There are graduating arthritic conditions where the site of pain and deformity are more intense, with heat or cold predominating, however, the primary appraoch is to get the obstruction to move. This is done by changing the internal environment by opposing the wind-cold/hot-damp/dry and altering any external conditions contributing to the obstructions. Additional attention needs to be given to the general emotional state that may indirectly support the blockage.



“We are what we eat.” Most of us would agree that most conditions of imbalance are determined by what we put in our mouth. We unkowingly create imbalances by not being aware of how critical this area is, especially in the latter years. If we are choose foods and supplements which worsen our condition then it would serve us well to become very aware of our body type and foods which enhance balance. Below, you can begin to choose foods that deliver balance for this obstructive condition:

Foods That Benefit & Foods To Avoid

Foods to Counter Joint Pain: Asparagus, Cabbage (poultice & ingestion), Celery, Cod, Cherry, Chives, Extra Virgin Olive Oil, Garlic, Ginger, Goats milk, Grape, Kelp, Oranges, Papaya, Pineapple (Bromelain), Pumpkin Seeds, Royal Jelly, Scallions, Sesame oll, Spelt, Spirulina, Soy products, Strawberry, Sprouts (mung, red clover, radish, mustard, lentil, adzuki, garbanzo, pumpkin seeds, sunflower seeds), Tumeric, Water melon, Barley products, Wheat grass products, Alfalfa products (tablets, tea), Chlorophyll foods, Almonds (5-6 dy.),

Foods to Avoid: Excess meat (some fish is best), Excess protein, Intoxicants (alcohol, coffee, tobacco, marijuana, etc.), refined sugar and other sweets, Oxalic acid foods (rhubarb, cranberry, plum, chard, beet greens, spinach), Solanine foods (Nightshade family veggies: tomato, eggplant, bell pepper, potato, if sensitive), Dairy (cow’s milk & bi-products), Nuts, Nut butters, oil-rich seeds,

“When the heart is calm, pain seems negligible.” — Inner Classic

HERB FORMULAS FOR PAIN Formulas are created and rendered, taking into consideration, a person’s constitution, environment, life energy (qi), lifestyle and emotional status to name a few concerns.

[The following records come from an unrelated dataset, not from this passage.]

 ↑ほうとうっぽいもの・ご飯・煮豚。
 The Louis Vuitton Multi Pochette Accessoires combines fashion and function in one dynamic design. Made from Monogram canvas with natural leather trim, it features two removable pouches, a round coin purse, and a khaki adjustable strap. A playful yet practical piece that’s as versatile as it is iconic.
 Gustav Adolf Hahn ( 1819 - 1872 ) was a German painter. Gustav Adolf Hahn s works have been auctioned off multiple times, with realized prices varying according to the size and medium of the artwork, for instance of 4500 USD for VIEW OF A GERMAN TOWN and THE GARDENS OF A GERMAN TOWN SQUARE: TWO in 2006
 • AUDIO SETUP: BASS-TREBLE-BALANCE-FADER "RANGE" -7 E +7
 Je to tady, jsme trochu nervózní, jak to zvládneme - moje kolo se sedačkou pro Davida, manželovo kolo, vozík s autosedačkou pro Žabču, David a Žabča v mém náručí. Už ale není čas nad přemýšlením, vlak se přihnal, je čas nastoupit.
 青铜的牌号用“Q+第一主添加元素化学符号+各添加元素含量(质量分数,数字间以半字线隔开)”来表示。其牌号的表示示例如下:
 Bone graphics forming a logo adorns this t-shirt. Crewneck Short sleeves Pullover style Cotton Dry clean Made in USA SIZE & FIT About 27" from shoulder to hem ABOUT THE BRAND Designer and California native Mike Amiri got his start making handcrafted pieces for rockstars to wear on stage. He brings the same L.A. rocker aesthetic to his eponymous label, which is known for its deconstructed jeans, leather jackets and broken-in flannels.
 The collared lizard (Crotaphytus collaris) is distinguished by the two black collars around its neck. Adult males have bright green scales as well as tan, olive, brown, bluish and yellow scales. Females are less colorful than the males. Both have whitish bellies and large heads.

Traditional Chinese Herbs and medicine focuses on bringing all these areas into balance. The chief focus is to provide a formula that specifically targets the painful site, resolves the underlying imbalance in the body without inciting more physical maladies.

Additionally, the quality of the herbs are not the same. If lesser quality is contained in a formula then the results will not hold up as indicated in research findings. While it may sound impressive to make marketing statements that a formula containing an herb is beneficial it is not enough. The grade of herb is critical. Ginseng alone has more than 6 grades and each level provides a different result. Quality, alone, can determine whether the formula works or not. A seasoned herbologist does not skimp in this area, while many commercial manufacturing operations prefer profit when dealing with innocent distributers, who sell to wholesalers, retailers and then to you the consumer. This practice in America gives herbology and products a bad name. This bait and switch practice eventually erodes trust by consumers where when a real herbologist comes forward then it is difficult to move ailing customers to take the leap of beneficial faith.

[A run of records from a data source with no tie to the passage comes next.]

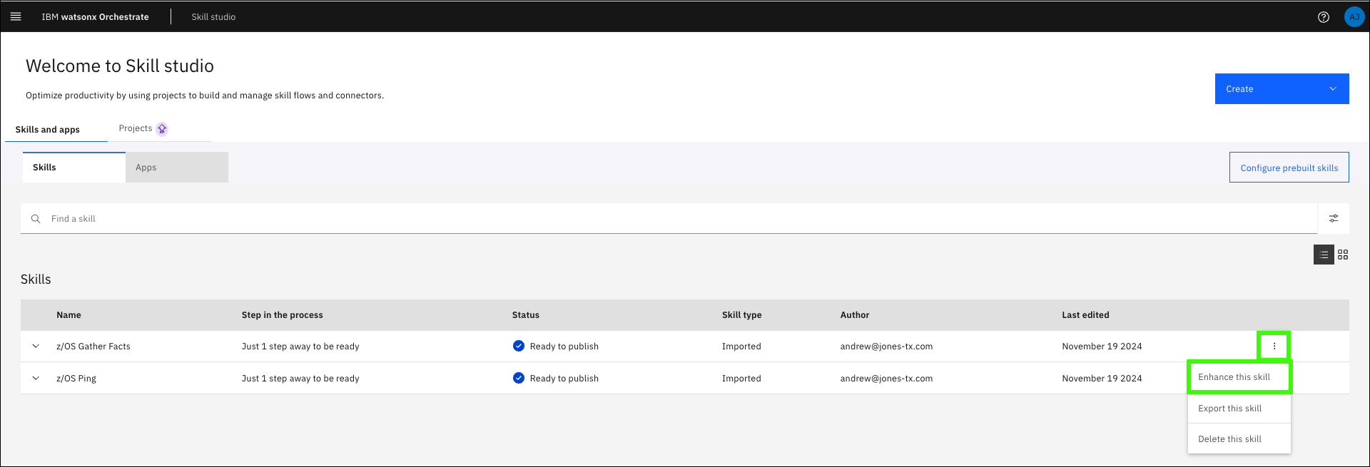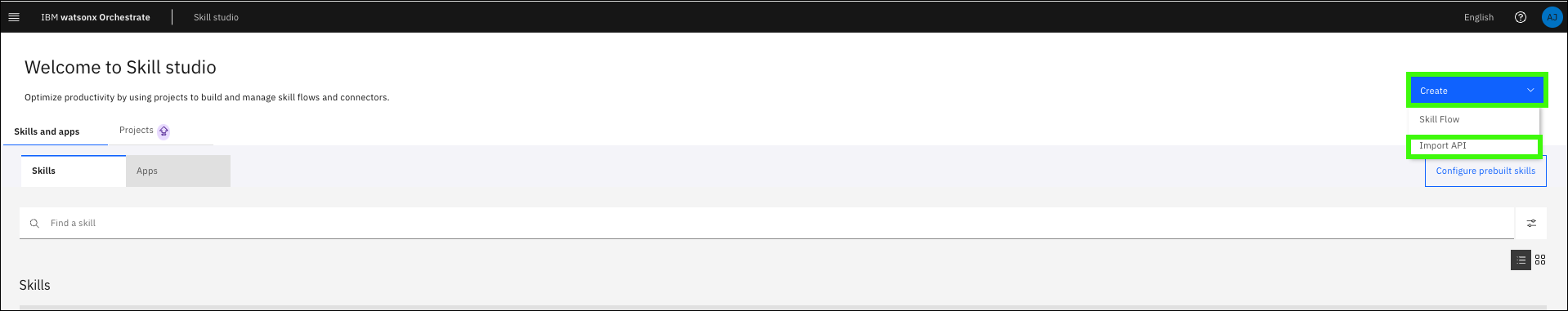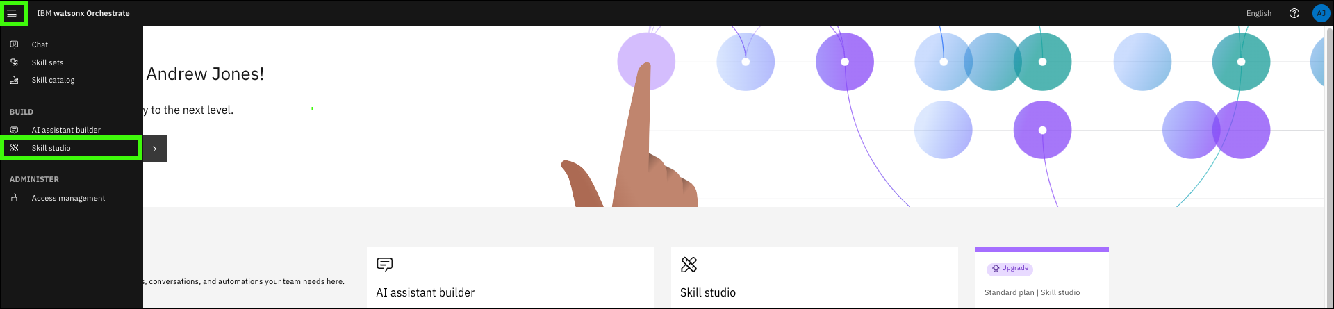 Return to your watsonx Orchestrate instance and expand the main menu and click Skill studio.
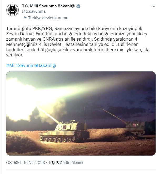 Reyting.az xəbər verir ki, bu barədə Türkiyə Milli Müdafiə Nazirliyi məlumat yayıb.
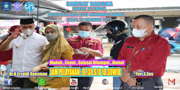 Samsat Setempoh Samsat Bangka Hadir di Pasar Pagi Baturusa Kecamatan Merawang Kabupaten Bangka, Sabtu,26 Februari.#PATUHSAMSATBANGKA
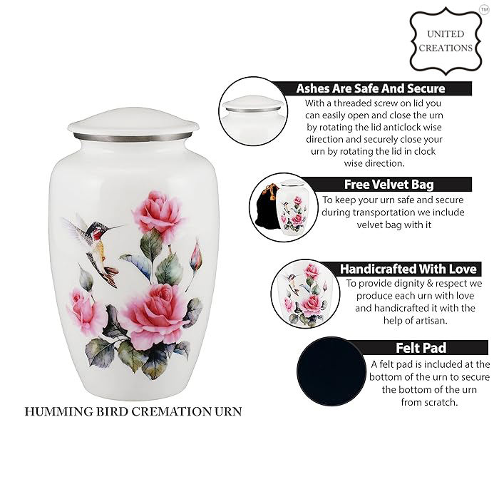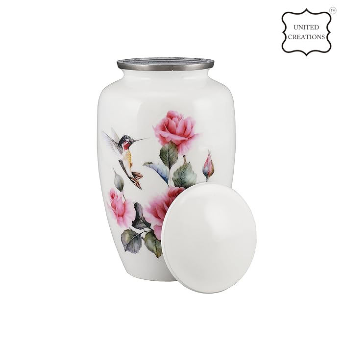 ดอกไม้พิมพ์สีขาวสีอากาศแน่นสแตนเลสเผาไหม้ Urn โกศที่ระลึกสําหรับเถ้า
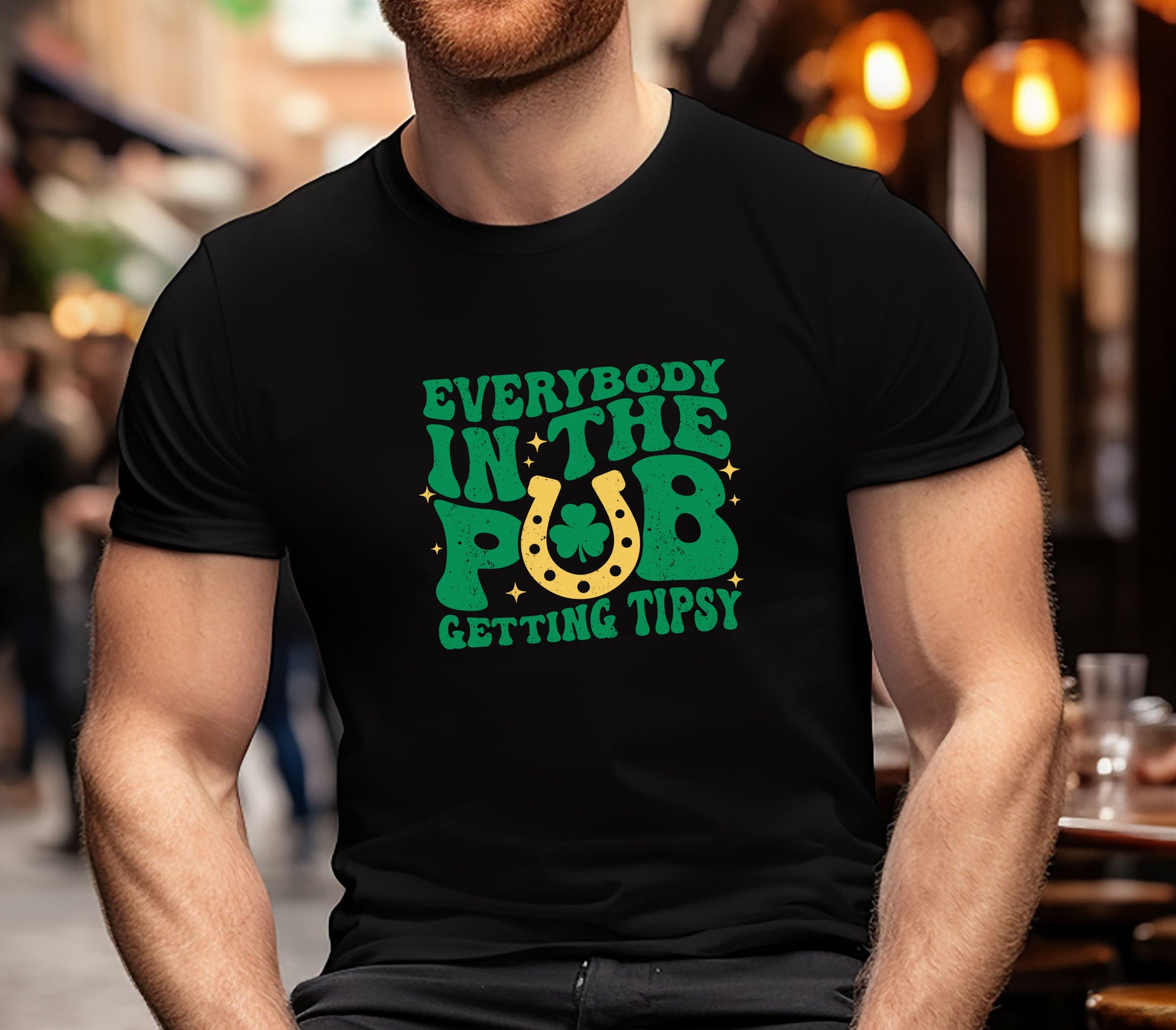 This black shirt features a St. Patrick's Day themed design with the text "EVERYBODY IN THE PUB GETTING TIPSY". The word "PUB" is stylized with a horseshoe and a clover. The colors are green and gold, with a slightly distressed or vintage texture. It comes in a crew neck T-shirt or sweatshirt in unisex sizes.
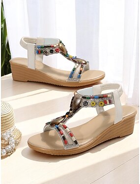 Sandale boeme albe pentru femei cu platformă - pantofi tip espadrilă cu mărgele colorate și accente de pietre prețioase pentru vacanțe la piscină, petreceri de vară pe plajă &ținute de lux pentru
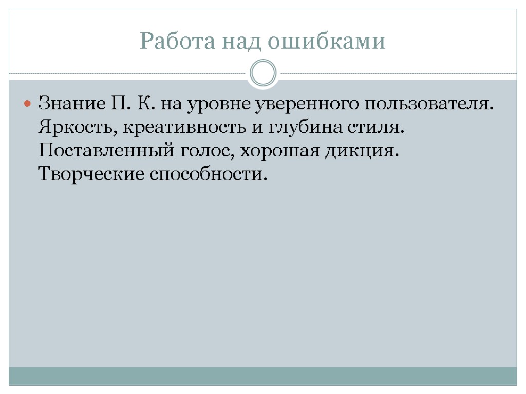 Работа над ошибками Знание П. К. на уровне уверенного пользователя. Яркость, креативность и глубина стиля. Поставленный голос, хорошая дикция. Творческие способности.

JOINT IMBALANCE doesn’t happen overnight and once understood, can resolve quicker than you realize. According to Traditional Chinese herbs and medicine, the primary problem underlying arthritis is obstruction with painful results. With varying degrees, there is an exhaustion of both the Liver and Kidneys and insufficiency of the physical energy (qi).

Mark Hammer, C.M.H., Master Herbalist,   Longevity Mountain

How to live a life of Health and Fitness

With cancer cropping up left and right, people are suddenly becoming more conscious with what they eat and do with their bodies. Fad diets have become a craze and so are gym workouts and alternative exercise for the body. But despite being the in thing to do right now, some people still find it hard to start walking the road to a life of health and fitness. After all, when you have already lived a life of debauchery, it will be harder to convert and walk the other road even if it is not as less traveled by.

To help you, here are some of the ways that you can start with your healthy lifestyle.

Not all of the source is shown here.